Murder is unjust killing, and not all killing is unjust … so pay no attention to this particular mass murder of innocents by ‘the good guys’, or this particular group of murderesses.

Game is a toolbox of techniques which empower a man to be socially dominant … so pay no attention to the fact that the reason you will only learn it from the male equivalent of sluts is that it is the male equivalent of sluttiness.

Usury is charging unjust interest on loans … pay no attention to the fact that usury is any contractual profit at all on mutuum loans, and that even unjust interest charged on non recourse loans is not usury strictly speaking.  The main thing we need to do is to avoid moral clarity.

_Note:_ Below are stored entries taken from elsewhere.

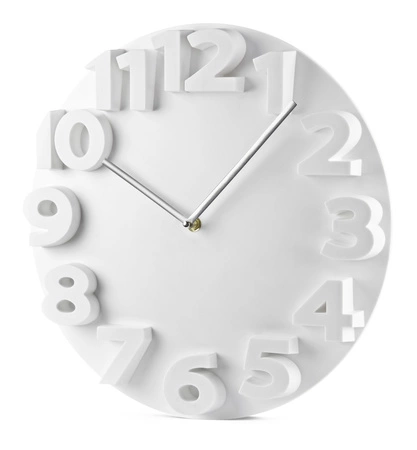 Nowoczesny zegar o wypukłych cyfrach, zapewniający doskonałą widoczność godziny. Idealny dodatek do nowoczesnego wnętrza.
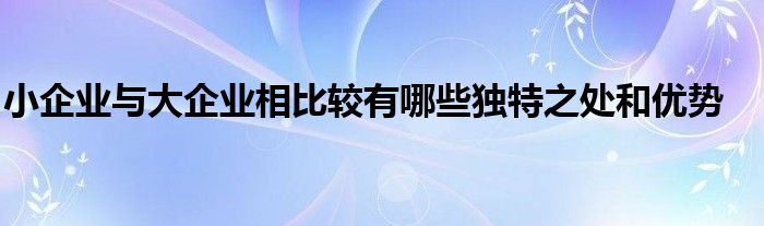 关于小企业与大企业相比较有哪些独特之处和优势这个很多人还不知道,今天菲菲来为大家解答以上的问题,现在让我们一起来看看吧!
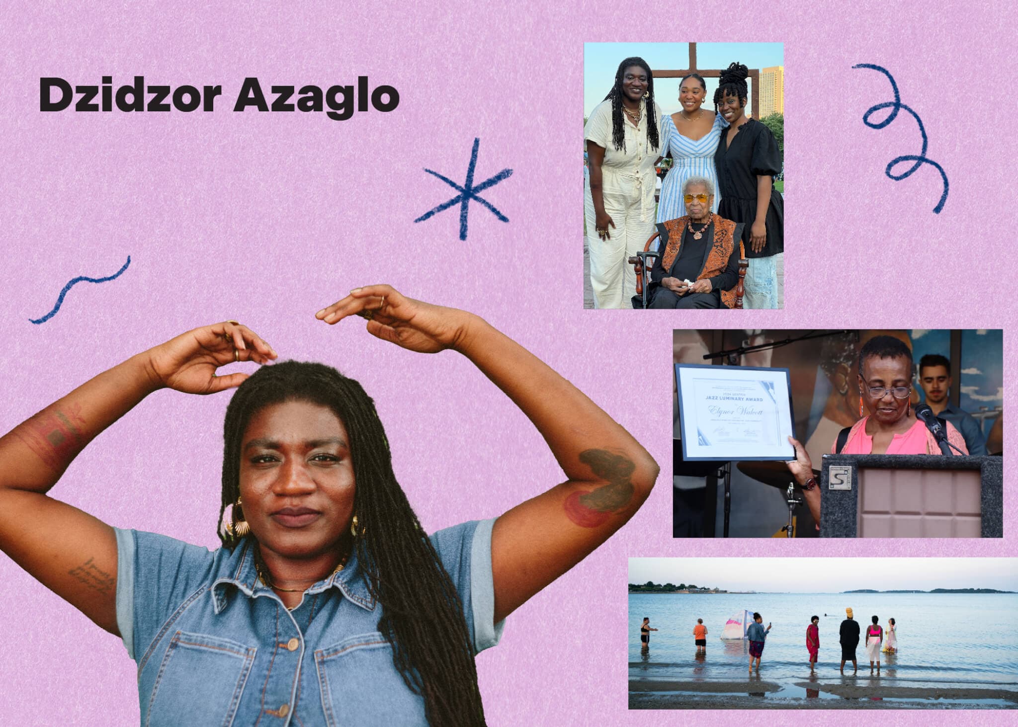 Dzidzor (pronounced Jee-Joh) Azaglo is a Ga-Ewe folklore performing artist, writer, and curator. She often explores how oppressed bodies can release internalized oppression in the mind and body through rest, an active practice of stillness, and a lifelong journey to living. Dzidzor is currently working on a project called, ‘Wilderness’, an experimental performance piece that explores oral and written archives to understand what it means be black, living, and woman in relation to God and the teachings of religion to black women. Dzidzor is currently a masters candidate at Boston University for a Masters in Divinity and the community liaison for a community archiving Mellon-funded project, called the Reckonings Project. Dzidzor, in partnership with Crystal Bi, runs a series of events called Department of Public Imagination. Dzidzor is currently working on a project that is set to release in January 2025.

More subtly, usury is selling what does not exist; but because there are many ways to sell what does not exist which are not usury, clarity on usury specifically can be avoided.

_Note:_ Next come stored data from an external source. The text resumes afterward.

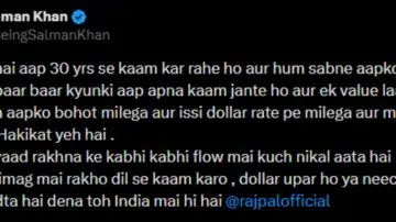 Salman shared a picture of Rajpal and praised him for his hard work and dedication towards his craft, which has kept him going for over 30 years. The superstar added that movie offers will never dry up for him as he brings value to a project. “Kaam toh aapko bohot milega aur issi dollar rate pe milega aur milte rahega,” he wrote, taking a sly dig at the comment passed against Rajpal at the event. He further played mediator by asking Rajpal not to take things to heart. “Dena hi hai toh dimag mai rakho dil se kaam karo, dollar upar ho ya neeche kya farak padta hai dena toh India mai hi hai,” he concluded.
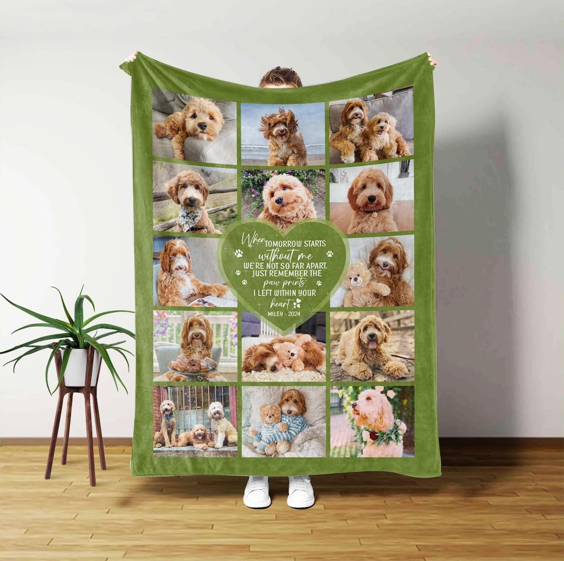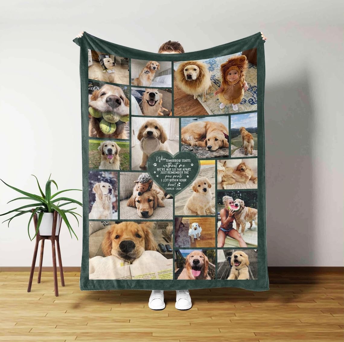 Custom Dog Photo Blanket, Personalized Pet Memorial Fleece Blanket Pet Loss, Custom Pet Photo Collage, Unique Gift For Parents P
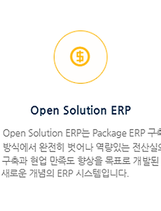 전산실이 있음에도 불구하고 ERP 패키지 제품을 구매할 수 밖에 없었던 국내의 ERP 도입환경에 개선이 필요하다고 판단하여 국내 ERP 시장의 변화를 이끌어 나가기 위해 Open Solution ERP 컨소시엄을 설립하여 업종특화 ERP 시스템을 공급하고 있습니다.
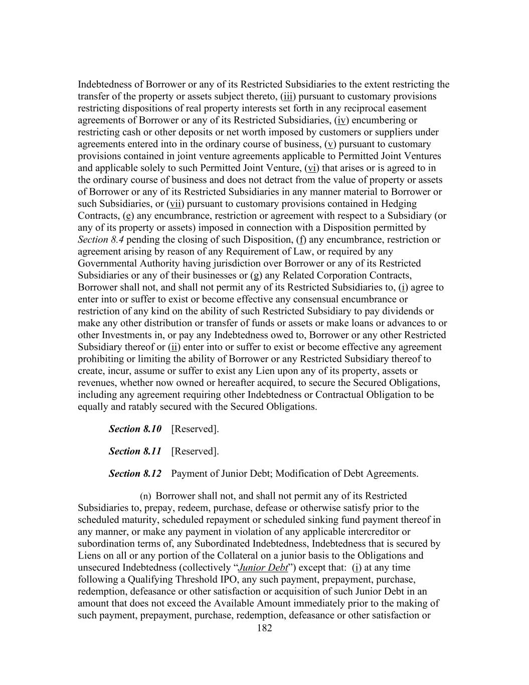 182 Indebtedness of Borrower or any of its Restricted Subsidiaries to the extent restricting the transfer of the property or assets subject thereto, (iii) pursuant to customary provisions restricting dispositions of real property interests set forth in any reciprocal easement agreements of Borrower or any of its Restricted Subsidiaries, (iv) encumbering or restricting cash or other deposits or net worth imposed by customers or suppliers under agreements entered into in the ordinary course of business, (v) pursuant to customary provisions contained in joint venture agreements applicable to Permitted Joint Ventures and applicable solely to such Permitted Joint Venture, (vi) that arises or is agreed to in the ordinary course of business and does not detract from the value of property or assets of Borrower or any of its Restricted Subsidiaries in any manner material to Borrower or such Subsidiaries, or (vii) pursuant to customary provisions contained in Hedging Contracts, (e) any encumbrance, restriction or agreement with respect to a Subsidiary (or any of its property or assets) imposed in connection with a Disposition permitted by Section 8.4 pending the closing of such Disposition, (f) any encumbrance, restriction or agreement arising by reason of any Requirement of Law, or required by any Governmental Authority having jurisdiction over Borrower or any of its Restricted Subsidiaries or any of their businesses or (g) any Related Corporation Contracts, Borrower shall not, and shall not permit any of its Restricted Subsidiaries to, (i) agree to enter into or suffer to exist or become effective any consensual encumbrance or restriction of any kind on the ability of such Restricted Subsidiary to pay dividends or make any other distribution or transfer of funds or assets or make loans or advances to or other Investments in, or pay any Indebtedness owed to, Borrower or any other Restricted Subsidiary thereof or (ii) enter into or suffer to exist or become effective any agreement prohibiting or limiting the ability of Borrower or any Restricted Subsidiary thereof to create, incur, assume or suffer to exist any Lien upon any of its property, assets or revenues, whether now owned or hereafter acquired, to secure the Secured Obligations, including any agreement requiring other Indebtedness or Contractual Obligation to be equally and ratably secured with the Secured Obligations. Section 8.10 [Reserved]. Section 8.11 [Reserved]. Section 8.12 Payment of Junior Debt; Modification of Debt Agreements. (n) Borrower shall not, and shall not permit any of its Restricted Subsidiaries to, prepay, redeem, purchase, defease or otherwise satisfy prior to the scheduled maturity, scheduled repayment or scheduled sinking fund payment thereof in any manner, or make any payment in violation of any applicable intercreditor or subordination terms of, any Subordinated Indebtedness, Indebtedness that is secured by Liens on all or any portion of the Collateral on a junior basis to the Obligations and unsecured Indebtedness (collectively “Junior Debt”) except that: (i) at any time following a Qualifying Threshold IPO, any such payment, prepayment, purchase, redemption, defeasance or other satisfaction or acquisition of such Junior Debt in an amount that does not exceed the Available Amount immediately prior to the making of such payment, prepayment, purchase, redemption, defeasance or other satisfaction or
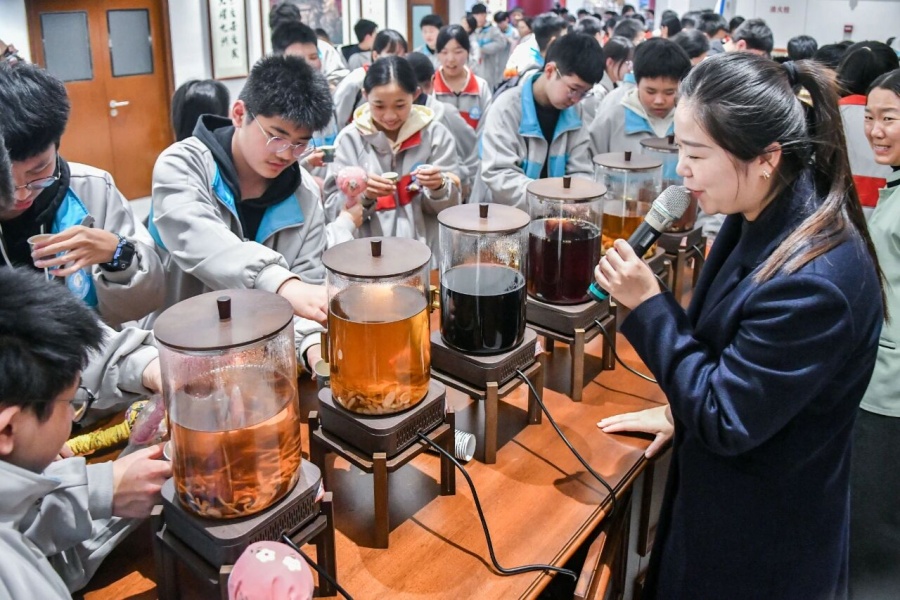 南阳市十三中北校区组织学生沉浸式体验中医药文化的独特韵味。南阳市十三中北校区供图
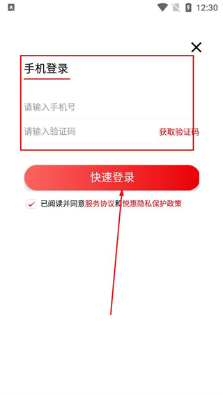 1、打開軟件進入手機登錄頁面,填寫手機號并獲取驗證碼填入對應框,勾選協議后點擊快速登錄按鈕完成賬號登錄操作。
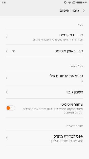 | צילומי מסך מתוך MIUI, תרגום רשלני משהו של הממשק |
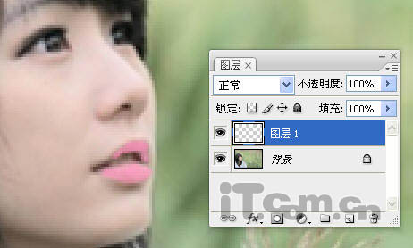 | 4、设置图层1的混合模式为“强光”,不透明度为“70%”,如图所示。这样嘴唇的会色调更红润。 |

Contraception involves a purely subjective feeling that you want sex but do not want a baby right now. Pay no attention to the minor matter of choosing objectively mutilated sexual behaviors versus abstinence.

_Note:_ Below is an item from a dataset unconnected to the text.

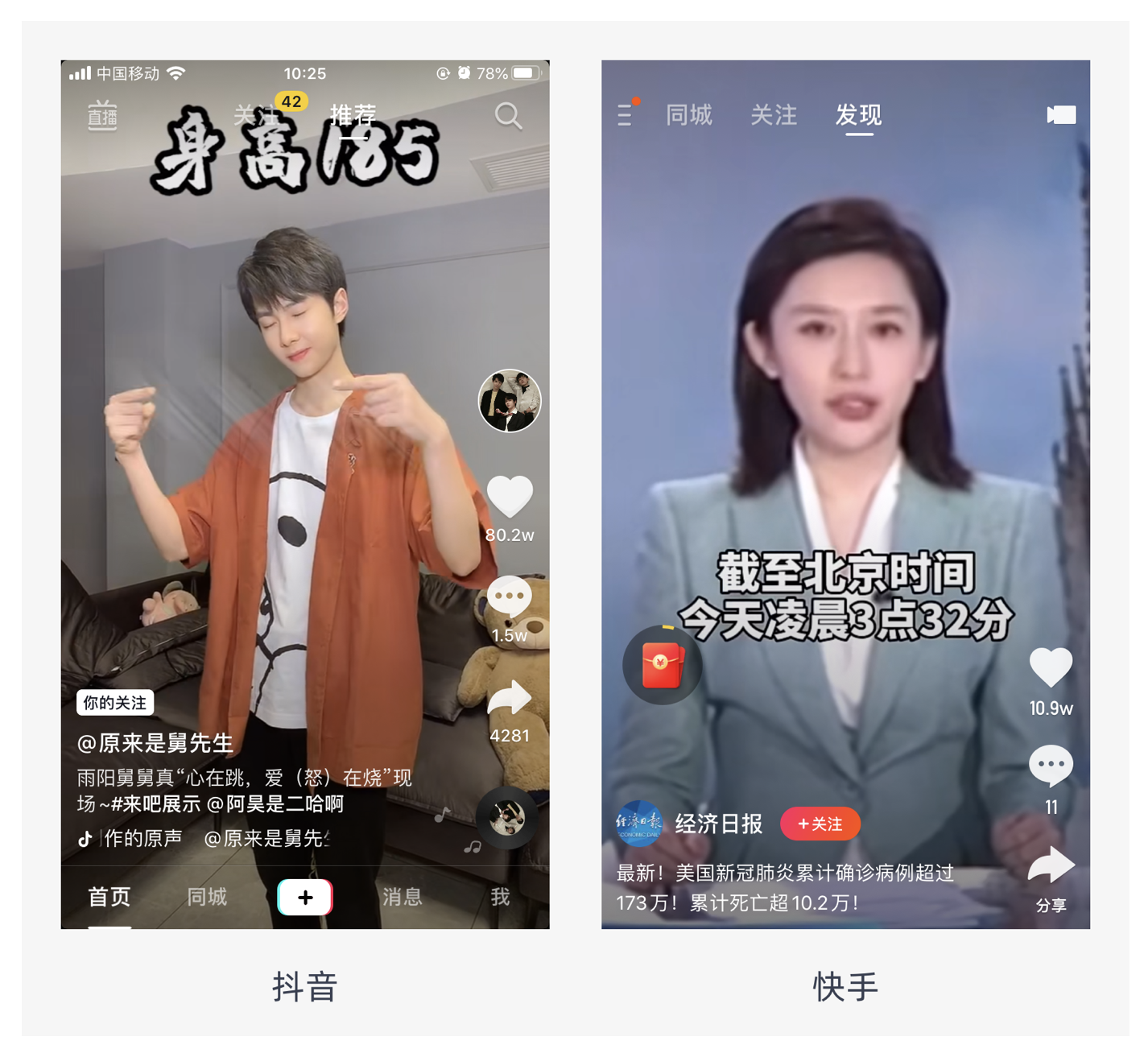 視頻性 Feed 流以短視頻為主(長視頻占用用戶時間長,容易導(dǎo)致用戶缺乏耐心),搭配輔助文字。它的優(yōu)點是能滿足用戶在視覺和聽覺上的感受,沉浸式體驗好,更加容易吸引用戶的注意力,一般情況下會主動且循環(huán)播放,畫面占滿全屏,如快手、抖音、微視等。不過,它也存在缺點,占用空間大,展示內(nèi)容少,而且需要緩存,對網(wǎng)絡(luò)質(zhì)量要求高。
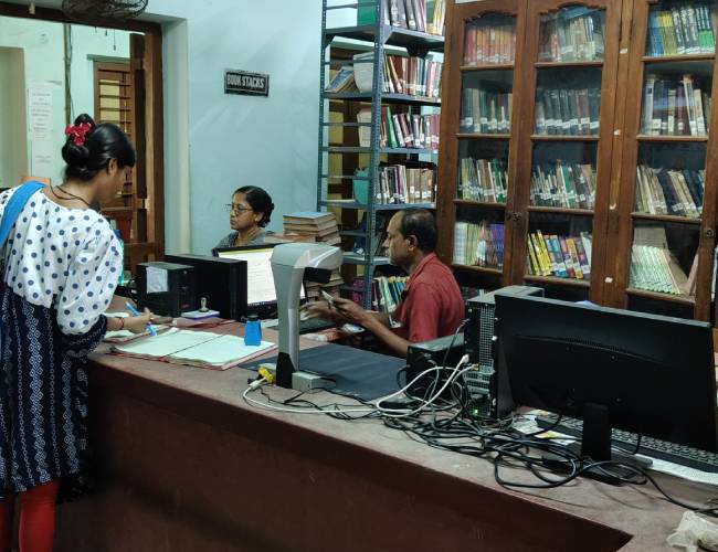 The Central Library of Panskura Banamali College (Autonomous) serves as a cornerstone of academic excellence and intellectual growth within the institution and stands as one of the largest and richest college libraries in West Bengal.. Established over 60+ years ago, the library has grown into a comprehensive resource center, housing an extensive collection of over 60,882+ books, 15+ journals and magazines, 123+ CDs/DVDs, 6+ newspapers, 14,022+ e-journals, and 432,881+ e-books across diverse disciplines. It holds numerous rare and invaluable books, including those generously donated by alumni and publishers, whose valuation is beyond measure. In addition to the central collection, several academic departments maintain their own seminar libraries with reference and textbooks, some purchased through departmental grants and others donated, further enriching the learning environment. Certain rare and old books are not included in the official count due to their historical significance. Furthermore, the library has subscribed to ProQuest for access to a wide range of e-resources. ProQuest provides an extensive collection of scholarly content, including academic journals, dissertations, theses, newspapers, and reports, covering various fields of study. This subscription enhances the research capabilities of students and faculty, enabling them to access high-quality information and stay updated with the latest developments in their respective fields. The library caters to the needs of approximately 7,500 undergraduate, postgraduate, and Research Scholar, along with over 150 faculty members and 100 staff members across 25 undergraduate, 7 postgraduate, and 2 training departments (B.Ed. and B.P.Ed.). Its services have been fully automated using the 'Koha' library database management software, allowing for seamless cataloging, searching, and access to resources. To enhance its digital capabilities, the library has implemented DSPACE for maintaining a digital repository. The library's digital infrastructure is supported by a high-power online UPS for uninterrupted service. Efforts are also underway to enable web-based searching of the library’s materials through the integrated library management system. As a core member of INFLIBNET-NLIST and NDL of IIT Kharagpur, the library provides online access to numerous essential full-text databases in science and arts, expanding the scope of research and learning opportunities for students and faculty alike. The library operates from Monday to Saturday, 8:30 AM to 5:30 PM, ensuring convenient access to resources for the college community. With a modern, student-friendly environment, digital archives, reading rooms, and a dedicated staff, the Central Library stands as a driving force behind the academic and research achievements of Panskura Banamali College (Autonomous).

And adultery is sex outside of marriage.  But of course you can marry whomever or whatever you want whenever you want, and marriage lasts only as long as you want it to last.

Which is how Humanae Vitae becomes Vix Pervenit.

§ 34 Responses to Weaponized ambiguity in defense of adultery

  • Avraham rosenblum says:

    Adultery is sex with a married woman. It is not any sex outside of marriage. In Chronicles I 2 :46 we find the friend of Joshua, Calev Ben Yefuna had girl friends and wives. If the act of sex outside of marriage is adultery then this would have been adultery. Many people in the Old Testament even after the Law was given had both girl friends and wives.

  • Zippy says:

    To be more accurate, adultery is sex when one or both parties are married, but not to each other.

    And to be unambiguous, fornication – sex between unmarried people – is also an execrable moral wrong.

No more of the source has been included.